Haas saw her reaction; he shifted in his chair and twisted his face into an expression that might have looked apologetic on another man. “Not talking about you, of course.”
“Of course.”
“Look.” He leaned forward, hunching his massive shoulders for emphasis. “I don’t give a shit what Sharifi was. Or you. Or anyone else, for that matter.
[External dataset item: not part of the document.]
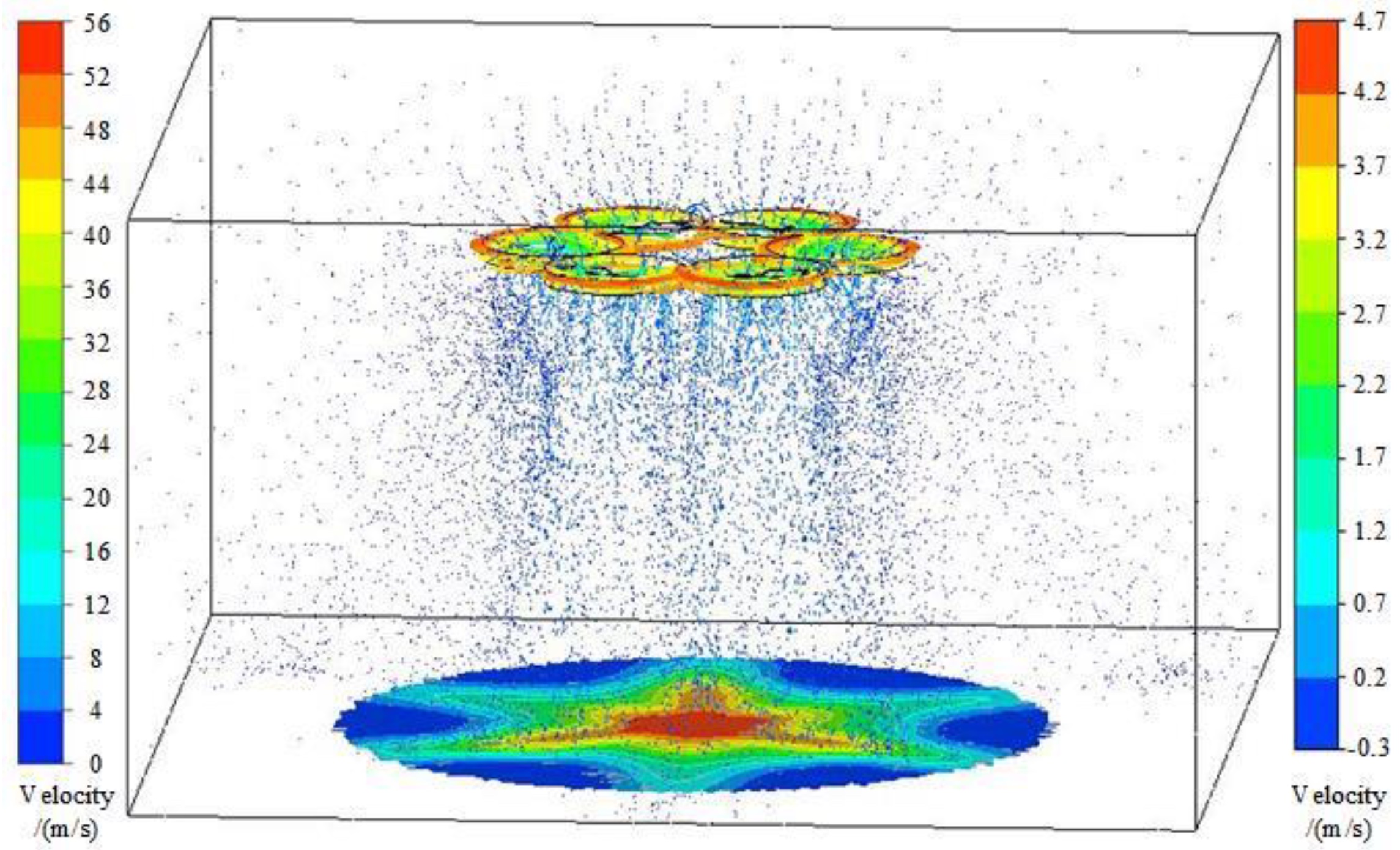 ダウンウォッシュは翼後縁が横切った矩形状領域に生じる

What I do give a shit about is that some Ring-side bureaucrat made me lend her my best witch and shut down half the mine so she could play her little games. And now that the wheels have come off, all they can tell me to do is wait.”
“Well, I’m not telling you to wait,” Li said. “And the sooner I get down there, the sooner we can get to the bottom of this and get your men back to work.”
Haas leaned back in his chair and let out a short high bark of laughter. The reaction seemed so practiced that Li wondered if it was something he’d copied out of a spinfeed interactive. “We’re not running a tourist operation,” he said. “Sharifi was working less than a hundred meters from an active cutting face. You’re not getting anywhere near there.”
“Sharifi did.”
“Sharifi was famous. You’re just a hick with a lucky trigger finger.”
Li grinned. “Nice line, Haas. But I am going down. Why make me go over your head?”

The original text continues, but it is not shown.